***** Dataset content

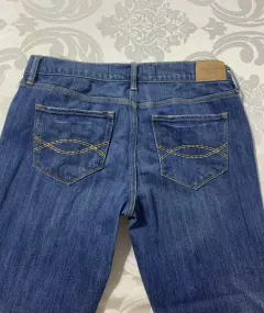Pantalón de mezclilla Abercrombie. Pantalón de mezclilla con poco strech, corte bota, con 4 bolsillos y algunos deslavados.Medidas/ cintura: 37 cm, cadera: 47 cm, tiro: 21 cm, largo: 108 cm
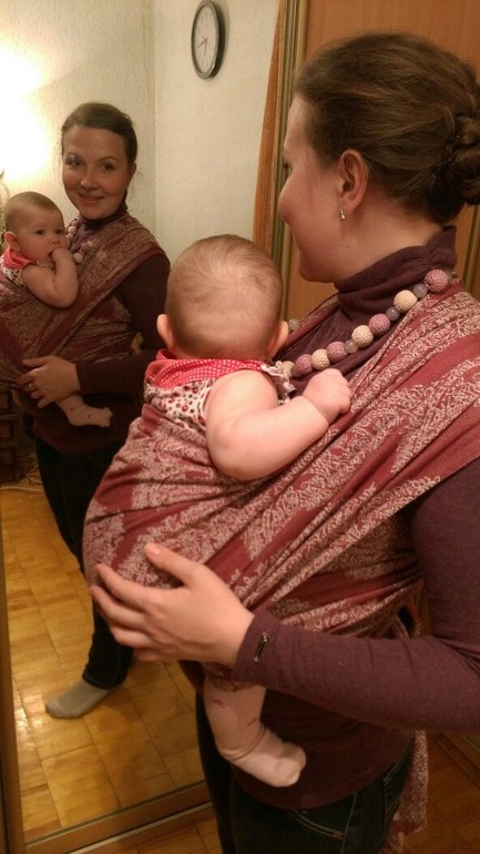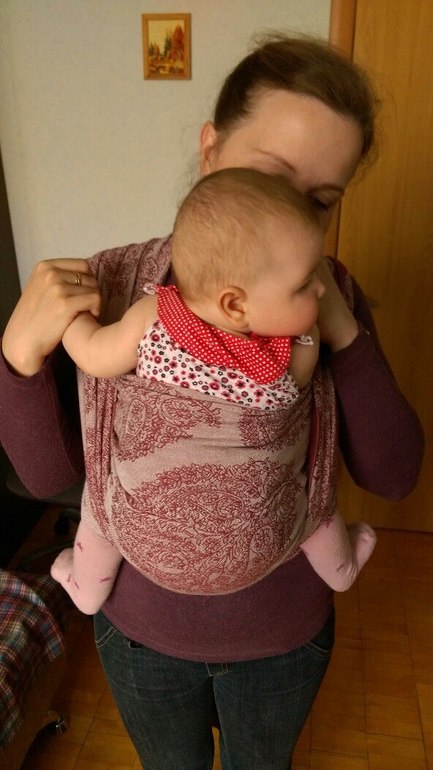 При записи на тест мне рекомендовали именно этот вариант для подросших детишек. А я бы замотала и совсем малыша. После двух стирок слинг стал пухлее, что считаю подходящим для младенчика.
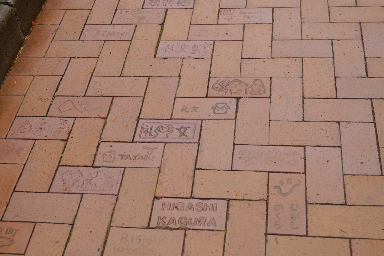 どっしりとした門の前には道路元標が置かれ、前庭には北海道の花々が咲き乱れています。建物に向かう通路に敷かれたレンガには北海道を感じさせる手書きで描かれた文字がいくつも見られました。
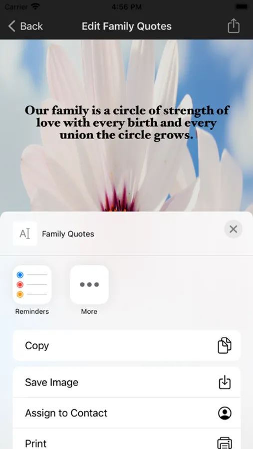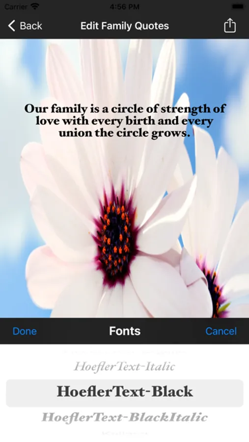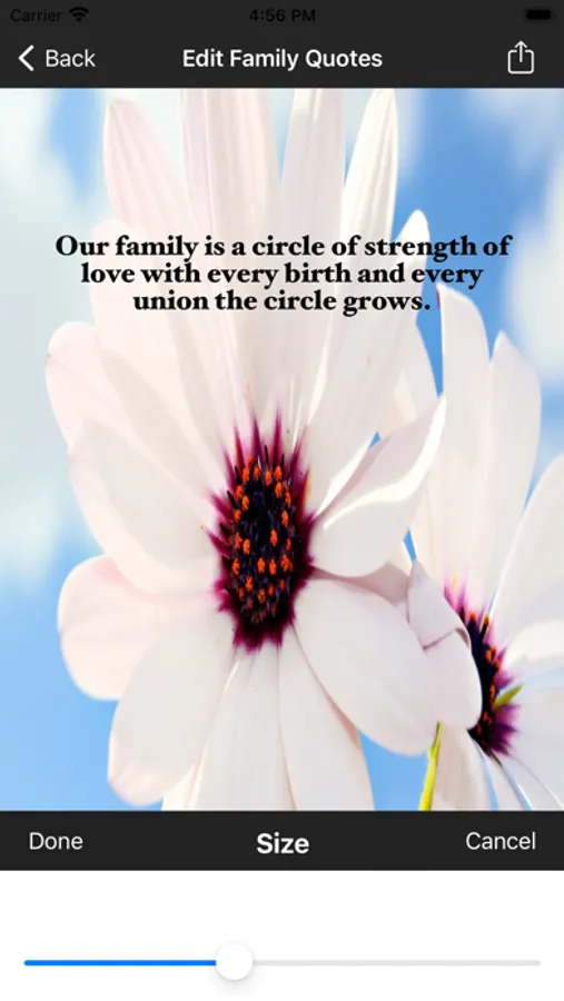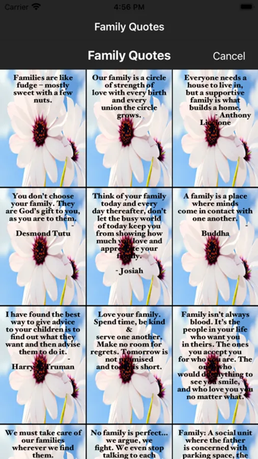 This family quotes app allows choosing various quotes, background images and allowing them share in social media or sending them through email.
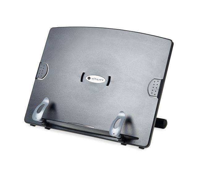 De Vitility leesstandaard is stevig en makkelijk te verplaatsen. De boekenplank kan zowel liggend als staand gebruikt worden door het flexibele kantel mechanisme. De klemmen die het boek vast houen kunnen versteld worden zodat u bijvoorbeeld een los papiertje hierop kunt plaatsen. De boekenstandaard zorgt voor rust tijdens het lezen en voorkomt nekklachten. Wilt u de boekenstandaard meenemen ? Dan kan deze opgevouwen worden en is deze makkelijk op te bergen.
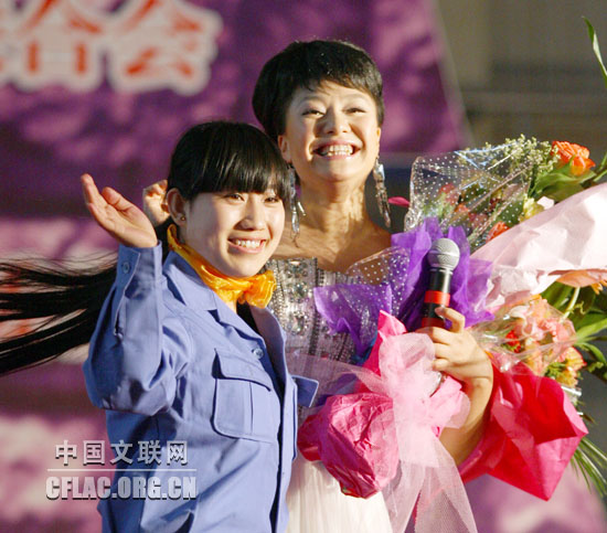 12月26日下午,宁夏回族自治区银川经济技术开发区共享铸造车间里,千余产业工人和农民工或整齐地坐好方阵,或站立在高低错落的巨大机床上,暂停了机器的轰鸣,倾听悠扬的歌声在这里响起。这是由中国文联、中国音协、宁夏回族自治区党委宣传部联合主办的“送欢乐、下基层”慰问演出活动在银川的首场演出。图为产业工人上台献花。张大勇 摄
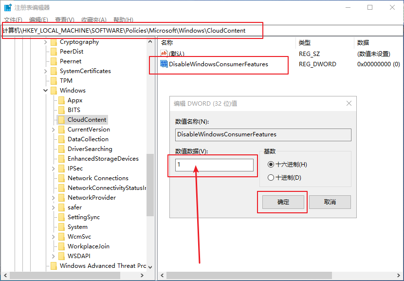 4、双击DisableWindowsConsumerFeatures,将其数值数据修改为1,然后点击“确定”保存设置。设置完毕后,需要进行电脑重启。
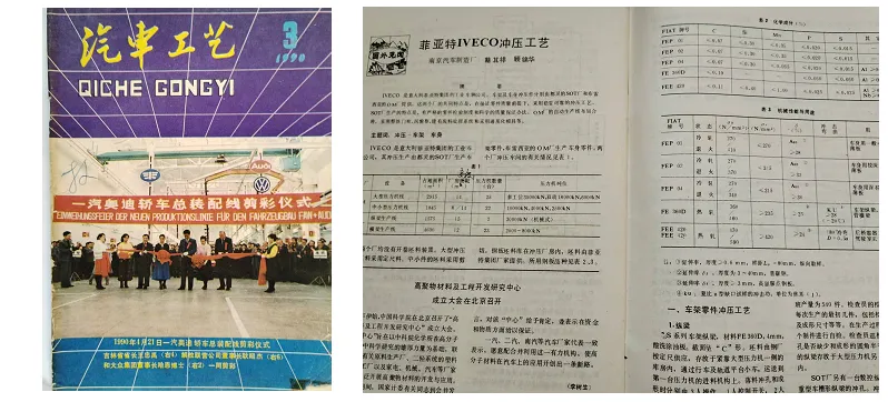 1990年第3期的《汽车工艺》杂志,刋登了我和同事合写的《菲亚特IVECO冲压工艺》国外见闻。
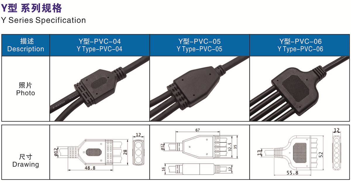 支線外徑(Branch Cable Gague): Max6.8mm Max6.8mm Max6.2mm

**********

> [Work to complete]:
Only the lines that lie between the start of the listing and the line containing "どっしりとした門の前には道路", both included, belong in the answer; write them out exactly and omit pictures.

> [Result of this exercise]:
Pantalón de mezclilla Abercrombie. Pantalón de mezclilla con poco strech, corte bota, con 4 bolsillos y algunos deslavados.Medidas/ cintura: 37 cm, cadera: 47 cm, tiro: 21 cm, largo: 108 cm
 При записи на тест мне рекомендовали именно этот вариант для подросших детишек. А я бы замотала и совсем малыша. После двух стирок слинг стал пухлее, что считаю подходящим для младенчика.
 どっしりとした門の前には道路元標が置かれ、前庭には北海道の花々が咲き乱れています。建物に向かう通路に敷かれたレンガには北海道を感じさせる手書きで描かれた文字がいくつも見られました。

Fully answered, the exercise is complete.